At last, after I had recited the irrefutable and terrifyingly detailed rebuttals to the slavers’ objections to the abolition of slavery — with Objection III, “Slaveholders Are Proverbial for Their Kindness, Hospitality, Benevolence, and Generosity”—I saw that I had come to the end of Testimony of a Thousand Witnesses. I closed the book on my lap. I remember that for a long time we remained silent.

Then slowly Father got up from his chair and placed a fresh log on the dying fire and stayed there, his back to us, his hands hanging loosely at his sides, and watched the flames blaze up. Without turning, he began to speak. He was at first calm and deliberate in speech, as was his habit, but gradually he warmed to the subject and began to sputter loudly, as he often did when excited by the meaning and implications of his words.

He reminded us of an event some two years past, when, in this same month of November, on learning of the assassination, in Alton, Illinois, of that holy man Elijah Lovejoy, Father had publically pledged his life to the overthrow of slavery. We all knew this. He had done it in church, and we and our neighbors had witnessed his pledge, and so had the Lord, who sees everything, Father declared. And we and the Lord had also seen that, since then, just as he had done all the long years of his life before making that pledge, Father had continued to be a weak and despicable man.

We said no, but he said yes and waved us off. The truth was that he had not made himself into the implacable foe of this crime against God and man which he had sworn publically to oppose. Then he said, “My children, the years of my life are passing swiftly.” He fisted his hands and placed them before his eyes like a child about to weep. He said that while he had been idling selfishly and in sinful distraction, lured by his vanity and by pathetic dreams of wealth and fame, the slavers had dug in deeper all across the Southern states. They had spread out like foetid waters, flooding over the plains into Texas and the territories. They had steadily entrenched themselves in positions of power in Washington, until now the poor slaves could no longer even raise their voices to cry for help without being slain for it or being swiftly sold off into Alabama and Mississippi. Black heroes, and now and again a white man like Lovejoy, had risen in our midst and were everywhere being persecuted and even executed for their heroism, legally, by the people of these United States.
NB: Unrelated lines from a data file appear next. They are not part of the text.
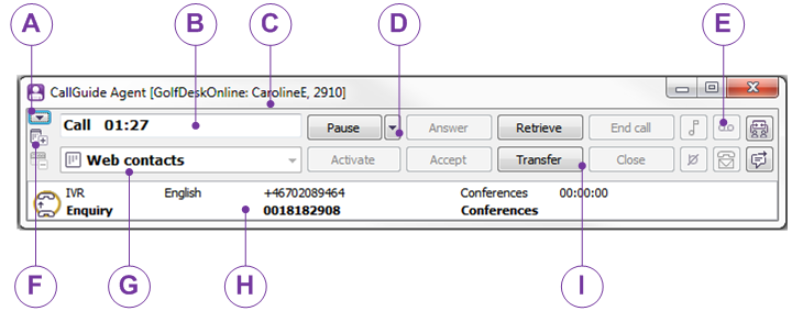 Below is an overview of the main window in ACE Agent. How the window is presented on your screen depends e.g. on your access rights, computer settings, which contact media you are handling, as well as your own choice of quick buttons. The various fields and button are here described briefly.
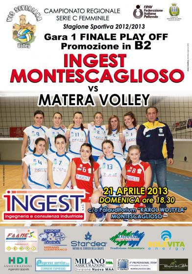 La gara vedrà di fronte le padrone di casa della INGEST MONTESCAGLIOSO, assolute dominatrici della fase regolare del campionato e vittoriose in due gare della propria semifinale, opposte alle ragazze del Matera, classificatesi al secondo posto della fase regolare e vittoriose in tre gare contro il quotato Melfi.
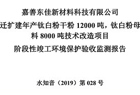 公?? 示??? 根據(jù)《國務(wù)院關(guān)于修改〈建設(shè)項(xiàng)目竣工環(huán)境保護(hù)管理?xiàng)l例〉的決定》(國務(wù)院令第682號(hào)),以及環(huán)保部《關(guān)于發(fā)布的公告》(國環(huán)規(guī)環(huán)評(píng)[2017]4號(hào)),現(xiàn)將嘉善東佳新材料科技有限公司遷擴(kuò)建年產(chǎn)鈦白粉干粉12000噸,鈦白粉母料8000噸技術(shù)改造項(xiàng)目階段性竣工環(huán)境保護(hù)
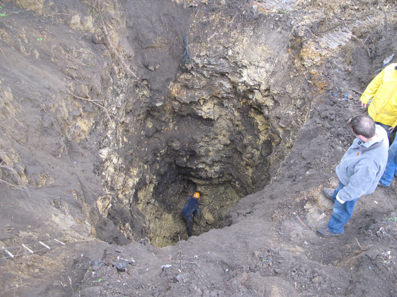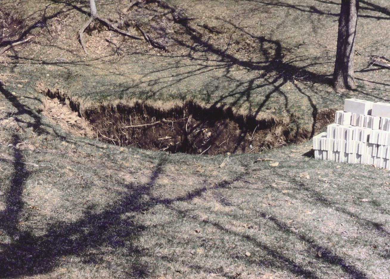 The force of a falling rock from above can easily break a neck or back. This sinkhole has been excavated, and a small gap was uncovered in the base. A cave was later discovered. |
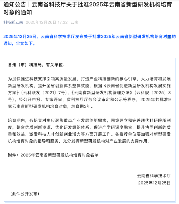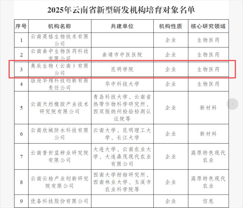 12月26日,云南省科技厅发布《云南省科技厅关于批准2025年云南省新型研发机构培育对象的通知》,best365足球官网医学院秦静副教授团队与奥辰生物(云南)有限公司潘兴华教授团队联合申报的“生物医药”领域新型研发机构成功获批,这标志着best365在深化产教融合、服务地方生物医药产业发展方面取得了又一重要突破。
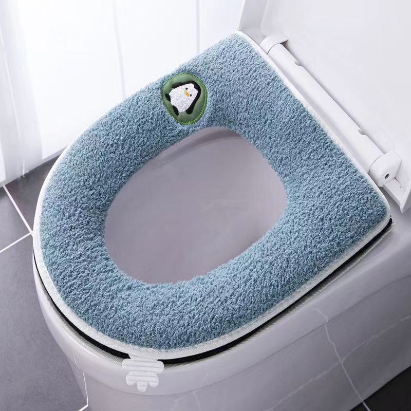 3pcs Toilet Seat Cover Pads Washer Pedestal Ring Waterproof Thicker Cute Zipper
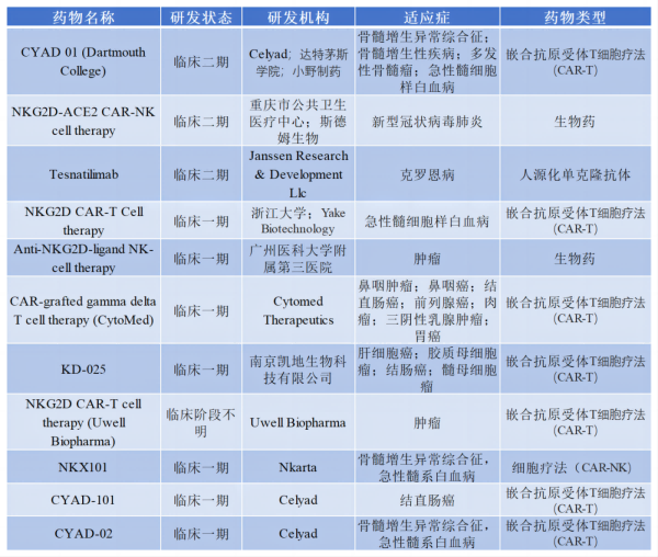 截至目前,全球有11種針對NKG2D的在研藥物,主要集中在臨床早期,其中以CAR-T細胞療法為作用機制的就有10種。而CAR-NK療法因為沒(méi)有發(fā)現細胞因子釋放綜合癥及神經(jīng)毒性等副作用,因而比CAR-T療法具有優(yōu)勢,這可能是由于NK細胞本身不容易導致過(guò)高的細胞因子分泌。除此之外CAR-NK療法不需要以患者的自體免疫細胞作為來(lái)源、治療成本更低等優(yōu)勢可能使它成為CAR-T療法的一大競爭對手。除抗腫瘤藥物外,強生旗下的楊森公司針對該靶點(diǎn)在自身免疫疾病方面的作用開(kāi)發(fā)了一款單抗類(lèi)藥物,通過(guò)抑制該靶點(diǎn)活性來(lái)降低克羅恩病患者的炎癥反應。
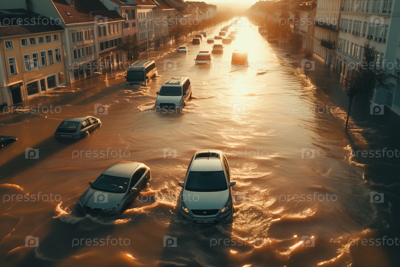 Концепция фона катастрофы - автомобили на затопленной улице европейского города
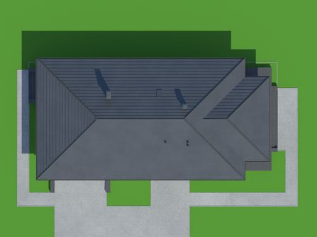 Graficzne opracowanie rzutów poglądowych widocznych na karcie projektu zostało wykonane przez Extradom.pl. Prezentowane przez Extradom.pl wizualizacje wykonane zostały przez autora projektu i należy poczytywać je jedynie za przykład i propozycję wykończenia, wizję architektoniczną autora projektu. Ostateczne wykończenie budynku może nastąpić na wiele sposobów. Szczegółowe rozwiązania zastosowane w oferowanej dokumentacji - w tym również ilość, lokalizacje i wygląd okien, drzwi, kominów - mogą w niewielkim stopniu różnić się od prezentowanej wizualizacji budynku.
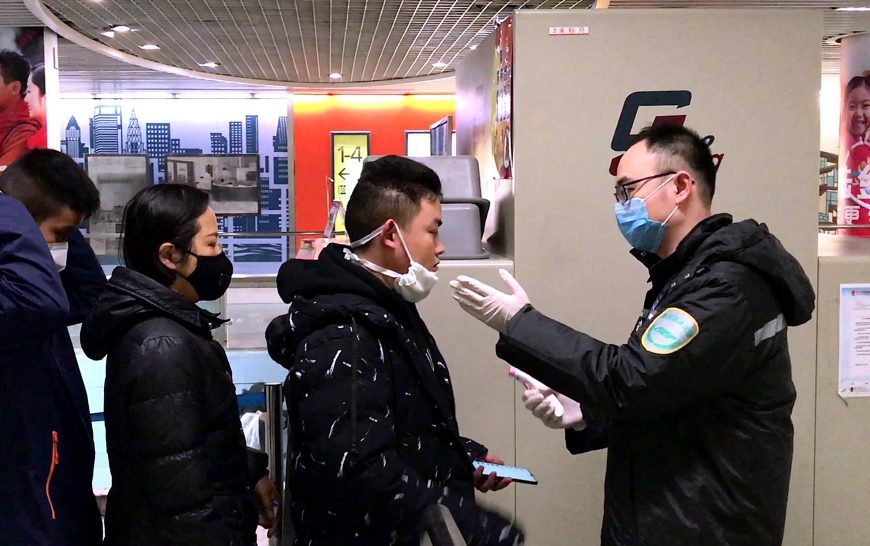 Temperature check at the entrance of CRT, photo by Yang Xinyu

“My children,” he said, “it’s mobs that rule us now. And all the while Mister Garrison and his anti-slavery socialites bray and pray and keep their soft, pink hands clean. Politicians keep on politicking. For the businessmen it’s business as usuaclass="underline" ‘Sell us your cheap cotton, we’ll sell you back iron chains for binding the slaves who pick it.’”

Father then cursed them; he cursed them all. And he cursed himself. For his weakness and his vanity, he said, “I curse myself”

He turned to us and now crossed his arms over his chest. His face was like a mask carved of wood by an Indian sachem. His eyes gazed sadly down at us through holes in the mask. It was the face of a man who had been gazing at fires, who had roused the attendants of the fires, serpents and demons hissing back at the man who had dared to swing open the iron door and peer inside. We all knew what Father had seen there. We had seen it, too. But he, due to his nature and characteristic desire, had gazed overlong and with too great a directness, and his gray eyes had been scorched by the sight.